[Saved entries]
+ + + + + + +
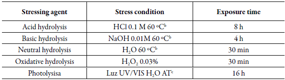 The resulting solutions were inj ected in triplicate and analyzed using the proposed chromato -graphic method: C18 AcclaimTM120 column (4.6 x 250 mm, 5 μm) from ThermoScien-tific®, mobile phase methanol and water (84:16 v/v, pH 3.0 ), adjusted with phosphoric acid, isocratic mode, flow rate of 0.7 mL-min-1. In order to carry out the forced degradation study, experimental conditions that promoted an average degradation of10 to 30% for each of the drugs were defined as ideal [31]. Table 3 shows the degradation conditions that were tested.
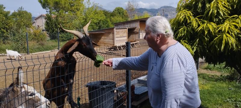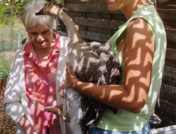 Ce Mardi après midi un groupe de résident accompagné de l'animatrice et de Valérie notre Assistance de Soins en Gérontologie ( ASG)ont participé à cette sortie . Les résidents ont pu caresser, brosser et donner à manger à différents animaux (âne, un coq, un mouton, une chèvre,, une oie, un canard, des poules, des lapins).
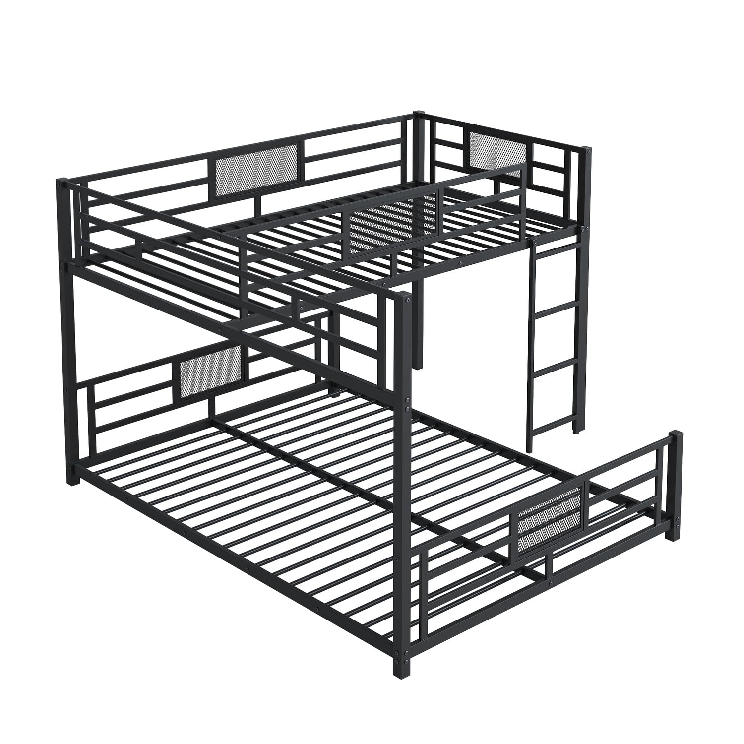 Heavy Duty Bunk Beds Twin Over Full Size, L-Shaped Bunk Bed with Full Length Guardrail and Ladder, No Box Spring Needed, Black Bunk Bed Twin Over Full
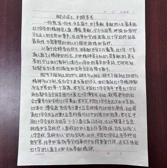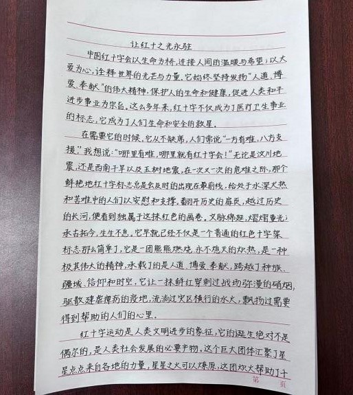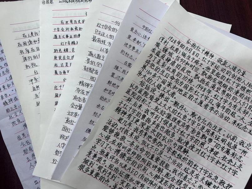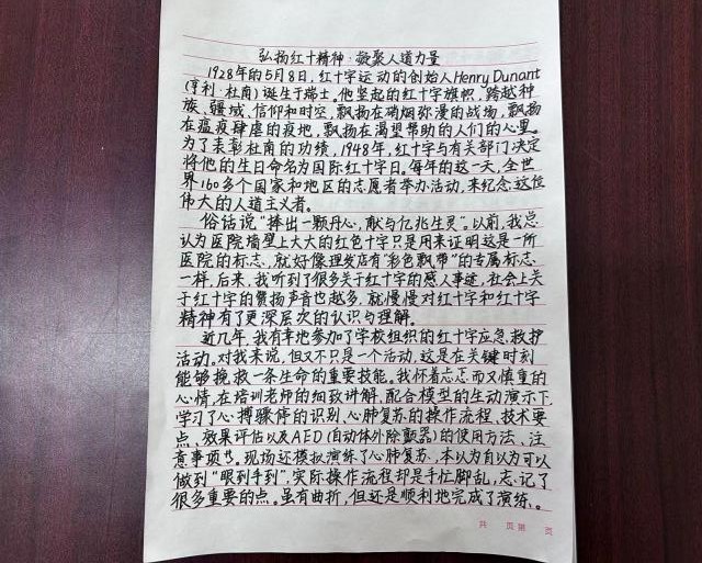 同学们热情高涨,积极参与。他们用自己的笔触,描绘出了一幅幅感人至深的画面,讲述了一段段充满人道主义情怀的故事。有的同学通过亲身经历,讲述了在红十字会志愿服务中的点滴体会;有的同学则从历史事件入手,深入挖掘红十字运动的发展历程和伟大精神;还有的同学则从理论层面出发,深入探讨了红十字精神的内涵和价值。
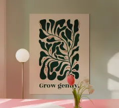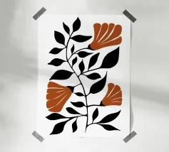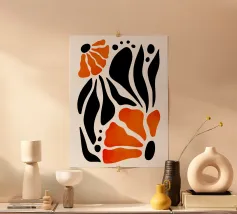 Un'opera d'arte astratta botanica, in cui audaci petali sovrapposti in vibranti rossi, verdi e morbidi beige creano un'armoniosa danza di colori e forme. Questo design sorprendente dona un tocco moderno e ispirato alla natura a qualsiasi spazio, perfetto per tele, poster o abbigliamento.
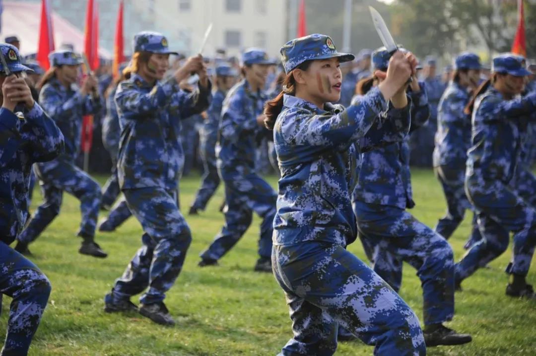 新生组成的方队迈着整齐而坚定的步伐走过主席台,他们军容整肃、口号嘹亮,彰显了新生自强不息、立志报国的壮志豪情。内务整理及紧急集合、女子匕首格斗术、擒敌拳、战术和战地救护等训练科目的演示,体现了军训塑造的良好风貌,赢得了现场观众的阵阵掌声。
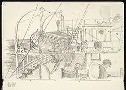 Bleistiftzeichnung des Promenadendecks mit Rettungsboot (1923)
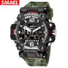 SMAEL ao ar livre camuflagem relógio militar tático multi-função impermeável luminoso relógio eletrônico de exibição dupla
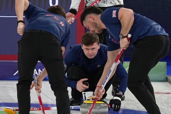 Britain's Bruce Mouat, Grant Hardie and Hammy McMillan compete against Switzerland on Thursday.Fatima Shbair/The Associated Press
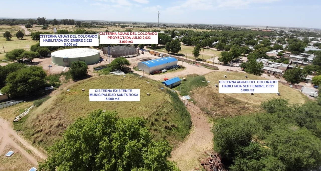 Aguas del Colorado terminó la segunda de las tres cisternas que almacenarán agua potable y que estaban previstas para incrementar las reservas de Santa Rosa. De esta forma se busca morigerar los efectos que podrían producirse ante eventuales cortes del Acueducto del Rio Colorado motivados por tareas de mantenimiento o roturas.
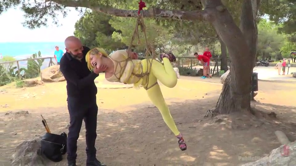Experienced dominator Nerea Falco bonded Frida Sante on a tree
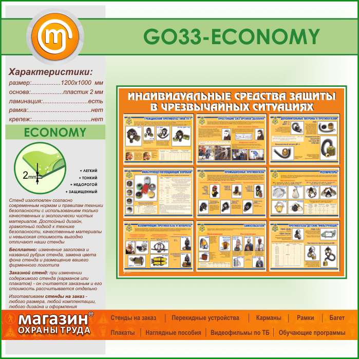 Стенд «Индивидуальные средства защиты в чрезвычайных ситуациях» (GO-33-ECONOMY) в Пушкино купить
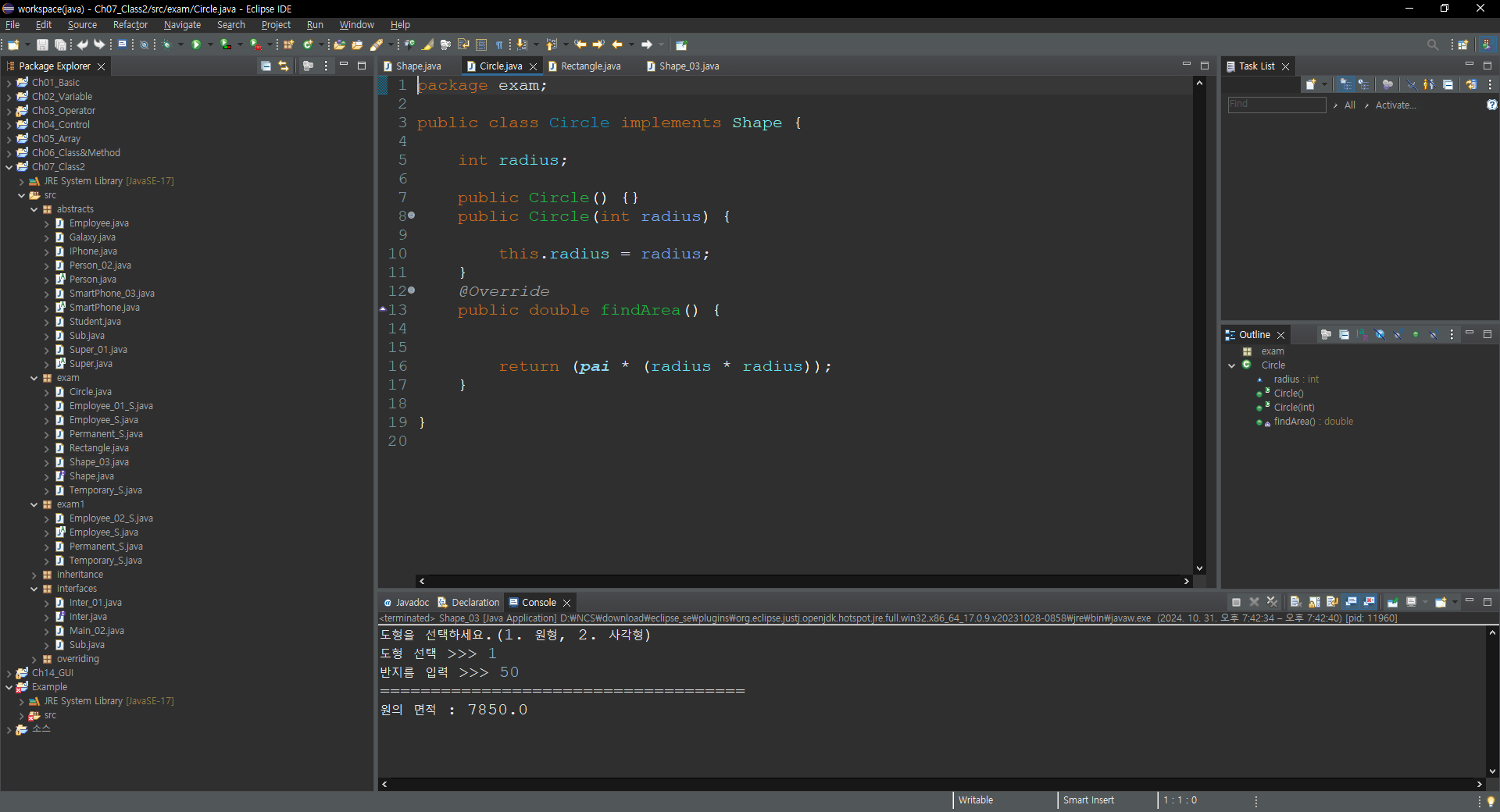 System.out.printf("원의 면적 : %.1f\n", circle.findArea());
+ + + + + + +
• _Description of the task_: The required output is the exact lines from the opening line of the entries through the line with "SMAEL ao ar", inclusive, without pictures.

• _Output for this exercise_:
 The resulting solutions were inj ected in triplicate and analyzed using the proposed chromato -graphic method: C18 AcclaimTM120 column (4.6 x 250 mm, 5 μm) from ThermoScien-tific®, mobile phase methanol and water (84:16 v/v, pH 3.0 ), adjusted with phosphoric acid, isocratic mode, flow rate of 0.7 mL-min-1. In order to carry out the forced degradation study, experimental conditions that promoted an average degradation of10 to 30% for each of the drugs were defined as ideal [31]. Table 3 shows the degradation conditions that were tested.
 Ce Mardi après midi un groupe de résident accompagné de l'animatrice et de Valérie notre Assistance de Soins en Gérontologie ( ASG)ont participé à cette sortie . Les résidents ont pu caresser, brosser et donner à manger à différents animaux (âne, un coq, un mouton, une chèvre,, une oie, un canard, des poules, des lapins).
 Heavy Duty Bunk Beds Twin Over Full Size, L-Shaped Bunk Bed with Full Length Guardrail and Ladder, No Box Spring Needed, Black Bunk Bed Twin Over Full
 同学们热情高涨,积极参与。他们用自己的笔触,描绘出了一幅幅感人至深的画面,讲述了一段段充满人道主义情怀的故事。有的同学通过亲身经历,讲述了在红十字会志愿服务中的点滴体会;有的同学则从历史事件入手,深入挖掘红十字运动的发展历程和伟大精神;还有的同学则从理论层面出发,深入探讨了红十字精神的内涵和价值。
 Un'opera d'arte astratta botanica, in cui audaci petali sovrapposti in vibranti rossi, verdi e morbidi beige creano un'armoniosa danza di colori e forme. Questo design sorprendente dona un tocco moderno e ispirato alla natura a qualsiasi spazio, perfetto per tele, poster o abbigliamento.
 新生组成的方队迈着整齐而坚定的步伐走过主席台,他们军容整肃、口号嘹亮,彰显了新生自强不息、立志报国的壮志豪情。内务整理及紧急集合、女子匕首格斗术、擒敌拳、战术和战地救护等训练科目的演示,体现了军训塑造的良好风貌,赢得了现场观众的阵阵掌声。
 Bleistiftzeichnung des Promenadendecks mit Rettungsboot (1923)
 SMAEL ao ar livre camuflagem relógio militar tático multi-função impermeável luminoso relógio eletrônico de exibição dupla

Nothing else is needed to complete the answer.